To save $1 trillion, Uncle Sam should take cues from CEOs, group says
Tuesday, October 12, 2010; 8:01 PM
Washington could run a little more like Silicon Valley, say several tech chief executives who have compiled a report on how the federal government can save $1 trillion.
Saying they've tried several of the strategies in their own businesses, the executives presented White House officials last week with ideas on how the government can cut the number of data centers it uses, reduce fraud in programs by using technology and streamline supply chains, among other suggestions.
The group, the Technology CEO Council, includes IBM's Sam Palmisano, Intel's Paul Otellini and Motorola's Greg Brown.
"This distinguished group of corporate leaders . . . believe that by utilizing some of the best practices of the private sector, the government can realize significant savings and improve the service delivered to you, the taxpayers," Jeffrey Zients, chief performance officer for the Office of Management and Budget, wrote on the OMB blog after the meeting. "We couldn't agree more."
Zients and OMB chief information officer Vivek Kundra have spearheaded some of the ideas as part of a mandate to modernize the federal government by improving its information technology and making it run more efficiently.
In their report, the executives say they want to offer solutions that won't require legislation.

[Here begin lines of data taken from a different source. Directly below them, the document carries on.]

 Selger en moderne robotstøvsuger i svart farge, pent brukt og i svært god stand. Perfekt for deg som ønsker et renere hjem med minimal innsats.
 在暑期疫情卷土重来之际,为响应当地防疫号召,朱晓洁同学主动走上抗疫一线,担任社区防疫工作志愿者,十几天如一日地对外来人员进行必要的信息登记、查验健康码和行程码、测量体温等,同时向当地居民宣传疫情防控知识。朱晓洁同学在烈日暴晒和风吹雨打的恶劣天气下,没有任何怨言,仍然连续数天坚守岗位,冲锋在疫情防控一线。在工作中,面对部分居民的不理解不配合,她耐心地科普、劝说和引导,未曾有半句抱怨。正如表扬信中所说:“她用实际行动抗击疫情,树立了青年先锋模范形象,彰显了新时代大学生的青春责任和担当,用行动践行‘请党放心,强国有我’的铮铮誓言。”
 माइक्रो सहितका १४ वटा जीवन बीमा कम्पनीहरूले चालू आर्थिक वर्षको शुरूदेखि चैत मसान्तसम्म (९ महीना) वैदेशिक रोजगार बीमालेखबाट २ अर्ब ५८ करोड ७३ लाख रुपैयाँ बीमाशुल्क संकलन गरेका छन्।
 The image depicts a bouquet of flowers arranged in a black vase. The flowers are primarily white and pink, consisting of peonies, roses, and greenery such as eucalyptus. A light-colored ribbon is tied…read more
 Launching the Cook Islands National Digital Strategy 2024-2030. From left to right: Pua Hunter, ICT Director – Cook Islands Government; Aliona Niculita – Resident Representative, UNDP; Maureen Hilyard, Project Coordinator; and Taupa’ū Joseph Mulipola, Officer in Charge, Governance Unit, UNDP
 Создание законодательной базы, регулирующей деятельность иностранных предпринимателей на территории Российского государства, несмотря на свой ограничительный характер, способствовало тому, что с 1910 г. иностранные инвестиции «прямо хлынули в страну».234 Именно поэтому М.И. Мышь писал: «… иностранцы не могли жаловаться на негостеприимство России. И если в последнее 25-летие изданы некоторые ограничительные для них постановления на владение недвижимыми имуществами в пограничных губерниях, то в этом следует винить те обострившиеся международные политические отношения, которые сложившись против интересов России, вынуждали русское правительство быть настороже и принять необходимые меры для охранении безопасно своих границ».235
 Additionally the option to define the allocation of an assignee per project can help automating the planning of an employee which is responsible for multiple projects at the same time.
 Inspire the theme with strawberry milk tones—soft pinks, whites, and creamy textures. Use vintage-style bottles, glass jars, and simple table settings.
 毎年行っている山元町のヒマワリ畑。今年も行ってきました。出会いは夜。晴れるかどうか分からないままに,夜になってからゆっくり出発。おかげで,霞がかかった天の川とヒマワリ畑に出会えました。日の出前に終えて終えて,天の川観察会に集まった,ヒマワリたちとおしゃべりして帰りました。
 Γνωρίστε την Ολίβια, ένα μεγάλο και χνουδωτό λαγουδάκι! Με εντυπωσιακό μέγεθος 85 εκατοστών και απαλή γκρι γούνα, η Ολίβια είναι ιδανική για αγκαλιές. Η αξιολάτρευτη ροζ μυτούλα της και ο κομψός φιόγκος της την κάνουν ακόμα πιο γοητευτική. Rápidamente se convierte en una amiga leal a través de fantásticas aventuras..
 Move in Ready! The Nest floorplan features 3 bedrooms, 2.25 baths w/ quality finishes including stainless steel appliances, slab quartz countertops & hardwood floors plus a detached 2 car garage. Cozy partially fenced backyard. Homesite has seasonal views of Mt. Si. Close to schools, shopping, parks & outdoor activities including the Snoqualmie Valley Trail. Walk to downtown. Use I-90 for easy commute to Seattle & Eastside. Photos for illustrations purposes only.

"The CEOs chose to examine the topic in part because discussions of the deficit too often lead to across-the-board spending cuts or across-the-board tax hikes," said Bruce Mehlman, executive director of the Technology CEO Council and a partner at the lobbying firm Mehlman, Vogel, Castagnetti.
The biggest potential contributor to savings, the executives say: overhauling the government's supply chain, which could save $500 billion over the next 10 years.
The report says that the federal government has tried this before, including in 2005. The problem with that effort, they say, is that the government limited its focus to commodity purchases and not reforming how it picks suppliers across the board. As a corporate example, they said that Motorola integrated its supply chains in 2004, and the company said it has saved about $1.2 billion every year.
Zients said the government is consolidating its purchase of office supplies, which will save 20 percent or $200 million over four years.
Another idea from the executives: reducing the number of payments that shouldn't have been made under federal grants, Medicare, food stamps and tax refunds. Their report says that new analytical techniques can help the government pick out the bad payments and save roughly $200 billion over 10 years.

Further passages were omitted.